Assigned task: Copy exactly the lines of the data below that run from the line holding "La primera es" through the line holding "Dalam rekaman video", both ends included.
▬▬▬▬▬▬
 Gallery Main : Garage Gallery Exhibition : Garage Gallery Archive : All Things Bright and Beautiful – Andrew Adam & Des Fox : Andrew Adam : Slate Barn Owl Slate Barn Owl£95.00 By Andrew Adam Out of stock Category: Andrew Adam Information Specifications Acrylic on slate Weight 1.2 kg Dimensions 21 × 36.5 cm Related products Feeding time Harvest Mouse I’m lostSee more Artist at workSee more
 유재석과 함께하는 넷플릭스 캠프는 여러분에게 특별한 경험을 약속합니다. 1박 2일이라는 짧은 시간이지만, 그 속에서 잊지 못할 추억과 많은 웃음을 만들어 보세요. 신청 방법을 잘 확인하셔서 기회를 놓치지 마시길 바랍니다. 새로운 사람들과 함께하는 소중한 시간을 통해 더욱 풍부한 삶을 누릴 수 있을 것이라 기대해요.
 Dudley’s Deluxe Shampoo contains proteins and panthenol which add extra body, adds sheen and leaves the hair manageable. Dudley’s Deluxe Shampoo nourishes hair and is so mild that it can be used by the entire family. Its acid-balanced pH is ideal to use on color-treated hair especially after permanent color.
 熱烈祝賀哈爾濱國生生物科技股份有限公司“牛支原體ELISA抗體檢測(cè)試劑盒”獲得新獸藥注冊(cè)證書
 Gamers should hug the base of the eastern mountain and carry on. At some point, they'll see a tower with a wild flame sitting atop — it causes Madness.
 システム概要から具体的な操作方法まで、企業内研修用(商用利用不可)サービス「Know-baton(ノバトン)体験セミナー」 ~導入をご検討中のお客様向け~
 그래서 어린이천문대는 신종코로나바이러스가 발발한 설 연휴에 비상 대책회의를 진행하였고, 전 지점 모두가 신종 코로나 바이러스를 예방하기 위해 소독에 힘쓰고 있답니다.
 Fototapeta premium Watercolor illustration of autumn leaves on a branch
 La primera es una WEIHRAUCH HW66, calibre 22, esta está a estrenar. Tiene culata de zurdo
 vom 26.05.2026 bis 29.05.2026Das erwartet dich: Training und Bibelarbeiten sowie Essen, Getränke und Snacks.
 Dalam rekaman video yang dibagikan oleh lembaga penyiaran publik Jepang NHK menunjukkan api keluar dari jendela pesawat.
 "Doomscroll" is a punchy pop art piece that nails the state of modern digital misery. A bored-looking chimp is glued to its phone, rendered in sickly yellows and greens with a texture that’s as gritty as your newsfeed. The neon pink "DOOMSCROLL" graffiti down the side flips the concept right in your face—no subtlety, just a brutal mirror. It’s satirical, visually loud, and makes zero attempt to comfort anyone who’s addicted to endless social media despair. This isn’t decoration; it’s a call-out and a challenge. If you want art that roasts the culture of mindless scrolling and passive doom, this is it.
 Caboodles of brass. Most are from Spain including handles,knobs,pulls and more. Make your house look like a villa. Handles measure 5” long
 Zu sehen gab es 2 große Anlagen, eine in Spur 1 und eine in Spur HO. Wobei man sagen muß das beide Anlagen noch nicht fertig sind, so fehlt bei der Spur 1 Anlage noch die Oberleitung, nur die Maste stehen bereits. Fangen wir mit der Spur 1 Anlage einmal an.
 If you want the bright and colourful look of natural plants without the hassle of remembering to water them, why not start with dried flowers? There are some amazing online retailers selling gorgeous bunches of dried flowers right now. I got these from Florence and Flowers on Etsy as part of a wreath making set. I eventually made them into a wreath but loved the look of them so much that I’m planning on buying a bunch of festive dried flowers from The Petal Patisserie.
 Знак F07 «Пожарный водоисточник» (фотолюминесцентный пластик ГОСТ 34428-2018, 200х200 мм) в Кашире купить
▬▬▬▬▬▬
Output for this exercise:
 La primera es una WEIHRAUCH HW66, calibre 22, esta está a estrenar. Tiene culata de zurdo
 vom 26.05.2026 bis 29.05.2026Das erwartet dich: Training und Bibelarbeiten sowie Essen, Getränke und Snacks.
 Dalam rekaman video yang dibagikan oleh lembaga penyiaran publik Jepang NHK menunjukkan api keluar dari jendela pesawat.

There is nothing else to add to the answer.